Going through the entries below, tally the lines that hold the word "were" and state the result alone.

- Available records:
----------------
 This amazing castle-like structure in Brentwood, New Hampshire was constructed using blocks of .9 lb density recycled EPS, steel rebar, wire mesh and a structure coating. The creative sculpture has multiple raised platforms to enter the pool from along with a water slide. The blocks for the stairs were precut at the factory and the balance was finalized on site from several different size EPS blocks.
----------------
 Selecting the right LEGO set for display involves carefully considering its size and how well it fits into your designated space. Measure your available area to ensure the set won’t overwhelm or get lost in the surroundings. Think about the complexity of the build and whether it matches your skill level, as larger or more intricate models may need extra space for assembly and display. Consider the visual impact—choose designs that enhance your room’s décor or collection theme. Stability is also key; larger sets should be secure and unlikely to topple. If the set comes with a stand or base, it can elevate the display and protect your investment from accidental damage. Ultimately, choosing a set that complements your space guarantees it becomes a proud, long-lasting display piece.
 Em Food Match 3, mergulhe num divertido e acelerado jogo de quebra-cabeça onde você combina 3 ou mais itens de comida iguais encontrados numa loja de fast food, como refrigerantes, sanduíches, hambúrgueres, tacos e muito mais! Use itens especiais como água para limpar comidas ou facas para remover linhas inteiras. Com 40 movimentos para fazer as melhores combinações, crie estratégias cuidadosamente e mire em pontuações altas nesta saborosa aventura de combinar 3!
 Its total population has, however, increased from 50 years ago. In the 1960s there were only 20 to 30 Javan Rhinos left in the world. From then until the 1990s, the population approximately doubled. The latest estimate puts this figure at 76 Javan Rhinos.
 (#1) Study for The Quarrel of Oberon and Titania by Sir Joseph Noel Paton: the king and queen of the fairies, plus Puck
----------------
- Finished exercise: 2